### Source material
::::

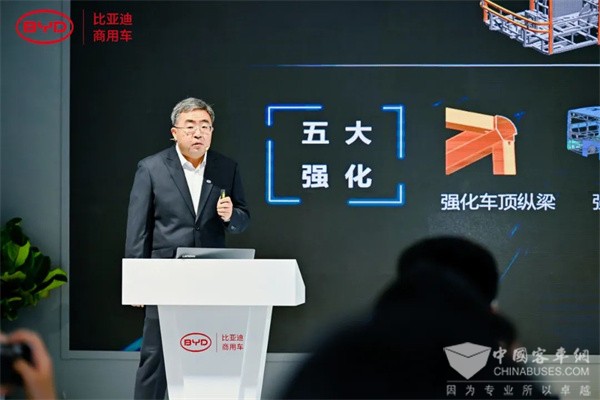 本次展会,比亚迪召开“公交新品技术解析会”,依托强大研发实力与新能源核心技术,实现内外焕新:一,8米-18米段公交均采用家族化鹏系造型,以流动风景线提升公交品质出行;二,2023款公交新品全部“佩刀”,电池能量密度超行业平均值6%,以高安全、高集成等优点再度提升可靠性;三,搭载中央集成式电驱桥,有效减轻车辆重量、带来更大设计空间,降低维修及保养成本,实现更经济运营;四,匹配新一代钢车身,扭转刚度提升20%,重量降低10%,有效强化对前脸、后段、车顶及电池舱等关键部位防护。
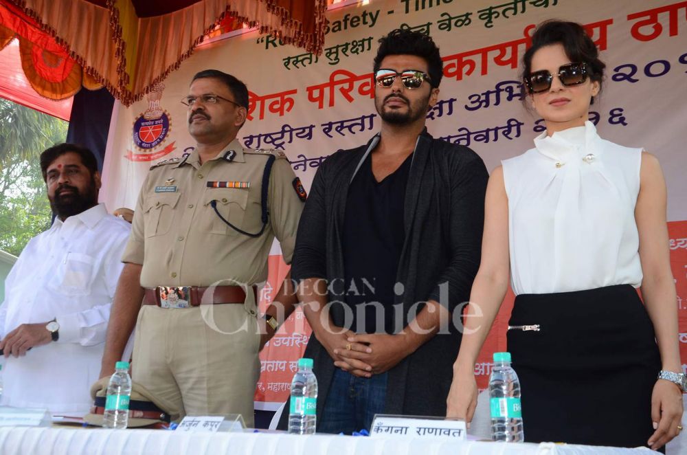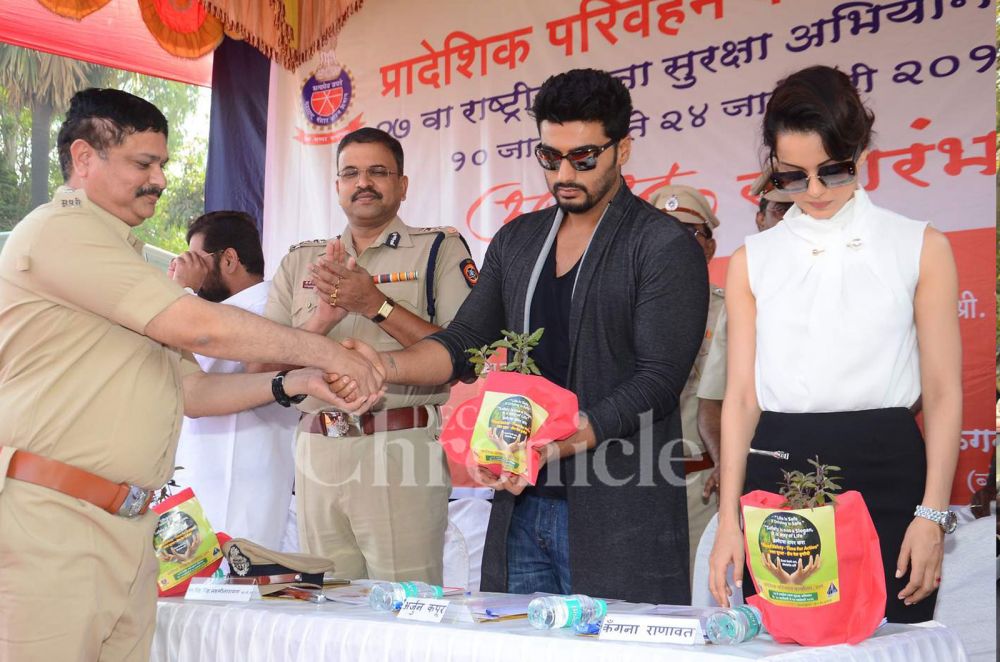 Bollywood stars Kangana Ranaut and Arjun Kapoor attended a road safety campaign organised by the police. Photo: Viral Bhayani
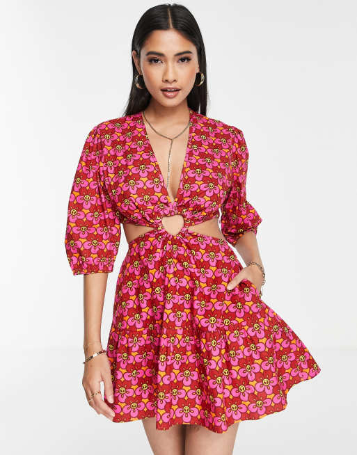 Never Fully Dressed – Czerwona sukienka mini w kwiaty z wycięciem w kształcie serca
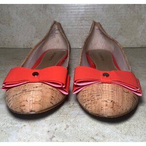 Liz Claiborne Cork-Style Flats Red Bow Accent Casual Comfort Workwear Holiday

::::

Restate the listing above word for word, and skip the pictures.

 本次展会,比亚迪召开“公交新品技术解析会”,依托强大研发实力与新能源核心技术,实现内外焕新:一,8米-18米段公交均采用家族化鹏系造型,以流动风景线提升公交品质出行;二,2023款公交新品全部“佩刀”,电池能量密度超行业平均值6%,以高安全、高集成等优点再度提升可靠性;三,搭载中央集成式电驱桥,有效减轻车辆重量、带来更大设计空间,降低维修及保养成本,实现更经济运营;四,匹配新一代钢车身,扭转刚度提升20%,重量降低10%,有效强化对前脸、后段、车顶及电池舱等关键部位防护。
 Bollywood stars Kangana Ranaut and Arjun Kapoor attended a road safety campaign organised by the police. Photo: Viral Bhayani
 Never Fully Dressed – Czerwona sukienka mini w kwiaty z wycięciem w kształcie serca
 Liz Claiborne Cork-Style Flats Red Bow Accent Casual Comfort Workwear Holiday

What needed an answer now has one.